### BRIEF
Reproduce the listing in full, exactly as written, but without images.
**** INFORMATION PROVIDED
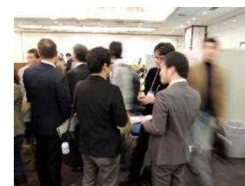
ブース移動時間の交流
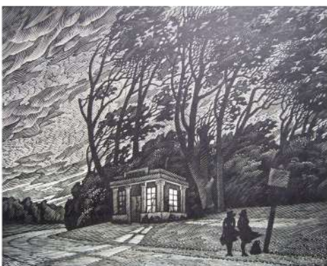
В. Шамшур. Апошні аўтобус. Лінарыт. 1987
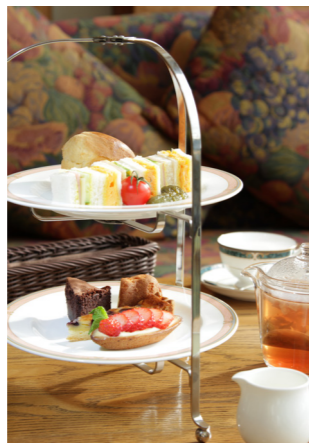
ホテル自慢のスイーツとハーブティーが楽しめるアフタヌーンティー(イメージ)

■最少催行人員：10名様 ■食事：朝食3回、昼食1回、夕食3回 ■添乗員：東京駅、名古屋駅ご出発時から東京駅、名古屋駅ご到着時まで同行します。 ■ホテル：奥志賀・ホテルグランフェニックス奥志賀(洋室) ■利用予定バス会社：アルピコ交通または同等クラス ■利用交通機関：新幹線(普通車指定席)、JR特急(普通車指定席)、しなの鉄道ろくもん(全席指定)
********
### RESULT
ブース移動時間の交流
В. Шамшур. Апошні аўтобус. Лінарыт. 1987
ホテル自慢のスイーツとハーブティーが楽しめるアフタヌーンティー(イメージ)

■最少催行人員：10名様 ■食事：朝食3回、昼食1回、夕食3回 ■添乗員：東京駅、名古屋駅ご出発時から東京駅、名古屋駅ご到着時まで同行します。 ■ホテル：奥志賀・ホテルグランフェニックス奥志賀(洋室) ■利用予定バス会社：アルピコ交通または同等クラス ■利用交通機関：新幹線(普通車指定席)、JR特急(普通車指定席)、しなの鉄道ろくもん(全席指定)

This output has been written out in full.